### [WHAT YOU HAVE TO DO]
Transcribe the material verbatim, starting at its first line and stopping once the line containing "04/08 - Fecomércio-RS" has been given; no picture should appear.

### [DATA EXCERPT]

• • • • •

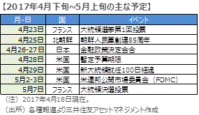■北朝鮮を巡っては、米国と中国が経済制裁などによって事態の沈静化を進めると見られます。フランス大統領選挙ではメランション氏の支持率が伸びておらず、これ以上の複雑化は回避されそうです。政治情勢が安定化すれば、為替の変動は次第に経済要因へと回帰する傾向が強まると思われます。
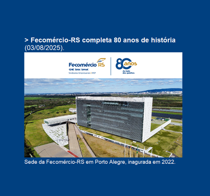 04/08 - Fecomércio-RS completa 80 anos de história (03/08/2025).
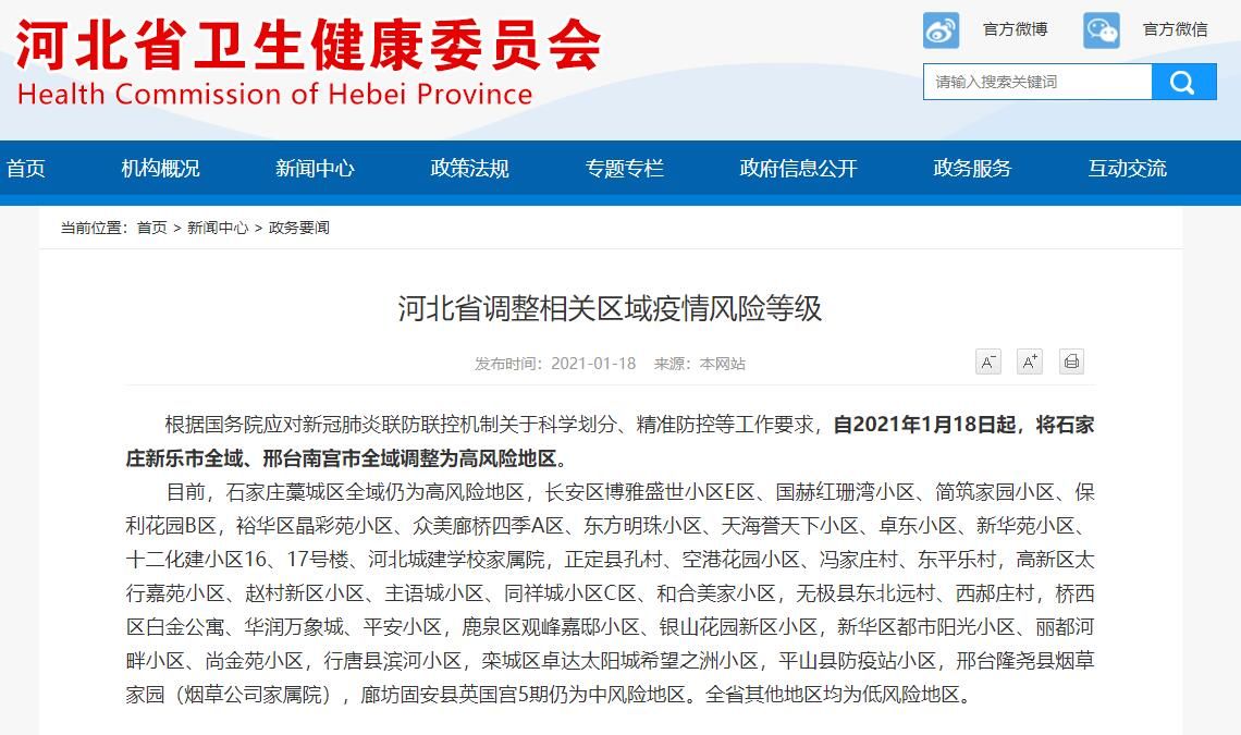荔枝新闻讯 据河北省卫健委消息,根据国务院应对新冠肺炎联防联控机制关于科学划分、精准防控等工作要求,自2021年1月18日起,将石家庄新乐市全域、邢台南宫市全域调整为高风险地区。

• • • • •

### [ANSWER BOX]
■北朝鮮を巡っては、米国と中国が経済制裁などによって事態の沈静化を進めると見られます。フランス大統領選挙ではメランション氏の支持率が伸びておらず、これ以上の複雑化は回避されそうです。政治情勢が安定化すれば、為替の変動は次第に経済要因へと回帰する傾向が強まると思われます。
 04/08 - Fecomércio-RS completa 80 anos de história (03/08/2025).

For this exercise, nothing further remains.